TASK STATEMENT
Lines from the line with "5月12日,国旗护卫队于国旗" to the line with "این ست شامل" in the entries below, and only those, must be output exactly, with both ends included.

*** PROVIDED DATA Section Begins ***

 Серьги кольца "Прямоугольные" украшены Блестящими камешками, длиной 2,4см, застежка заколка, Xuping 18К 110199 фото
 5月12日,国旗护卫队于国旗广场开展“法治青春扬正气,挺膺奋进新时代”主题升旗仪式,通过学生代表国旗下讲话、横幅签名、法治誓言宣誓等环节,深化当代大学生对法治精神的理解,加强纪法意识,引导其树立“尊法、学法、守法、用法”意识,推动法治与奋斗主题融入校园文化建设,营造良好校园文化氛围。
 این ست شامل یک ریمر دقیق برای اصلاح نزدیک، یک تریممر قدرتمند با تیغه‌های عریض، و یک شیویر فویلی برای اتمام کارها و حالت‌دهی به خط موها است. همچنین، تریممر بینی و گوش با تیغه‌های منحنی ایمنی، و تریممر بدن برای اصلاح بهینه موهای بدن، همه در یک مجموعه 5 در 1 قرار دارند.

*** PROVIDED DATA Section Ends ***
*** PROVIDED DATA Section Begins ***

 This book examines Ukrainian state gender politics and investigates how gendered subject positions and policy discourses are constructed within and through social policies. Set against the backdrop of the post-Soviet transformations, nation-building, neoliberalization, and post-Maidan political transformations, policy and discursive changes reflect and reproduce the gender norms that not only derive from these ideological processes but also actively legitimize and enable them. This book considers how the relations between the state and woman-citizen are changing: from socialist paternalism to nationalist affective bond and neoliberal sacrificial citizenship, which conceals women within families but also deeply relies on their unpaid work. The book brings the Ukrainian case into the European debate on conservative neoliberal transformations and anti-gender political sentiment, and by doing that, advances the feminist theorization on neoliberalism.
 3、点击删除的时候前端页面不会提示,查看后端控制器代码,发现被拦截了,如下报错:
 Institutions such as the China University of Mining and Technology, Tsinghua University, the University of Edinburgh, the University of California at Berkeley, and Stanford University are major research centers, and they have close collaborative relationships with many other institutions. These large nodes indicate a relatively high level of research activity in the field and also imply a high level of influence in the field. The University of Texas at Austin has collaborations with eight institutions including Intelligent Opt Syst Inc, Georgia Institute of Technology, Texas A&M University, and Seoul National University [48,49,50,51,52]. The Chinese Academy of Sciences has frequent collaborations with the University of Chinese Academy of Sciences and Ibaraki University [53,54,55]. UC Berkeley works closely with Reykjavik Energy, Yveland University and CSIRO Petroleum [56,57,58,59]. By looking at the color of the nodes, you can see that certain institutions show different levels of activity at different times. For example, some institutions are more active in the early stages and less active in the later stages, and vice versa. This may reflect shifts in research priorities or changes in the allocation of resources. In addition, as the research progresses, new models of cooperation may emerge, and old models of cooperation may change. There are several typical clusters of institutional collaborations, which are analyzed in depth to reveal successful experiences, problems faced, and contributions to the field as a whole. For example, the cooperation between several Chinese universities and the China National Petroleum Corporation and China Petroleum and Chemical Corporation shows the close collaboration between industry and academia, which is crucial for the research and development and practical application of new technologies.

*** PROVIDED DATA Section Ends ***

TASK OUTPUT
 5月12日,国旗护卫队于国旗广场开展“法治青春扬正气,挺膺奋进新时代”主题升旗仪式,通过学生代表国旗下讲话、横幅签名、法治誓言宣誓等环节,深化当代大学生对法治精神的理解,加强纪法意识,引导其树立“尊法、学法、守法、用法”意识,推动法治与奋斗主题融入校园文化建设,营造良好校园文化氛围。
 این ست شامل یک ریمر دقیق برای اصلاح نزدیک، یک تریممر قدرتمند با تیغه‌های عریض، و یک شیویر فویلی برای اتمام کارها و حالت‌دهی به خط موها است. همچنین، تریممر بینی و گوش با تیغه‌های منحنی ایمنی، و تریممر بدن برای اصلاح بهینه موهای بدن، همه در یک مجموعه 5 در 1 قرار دارند.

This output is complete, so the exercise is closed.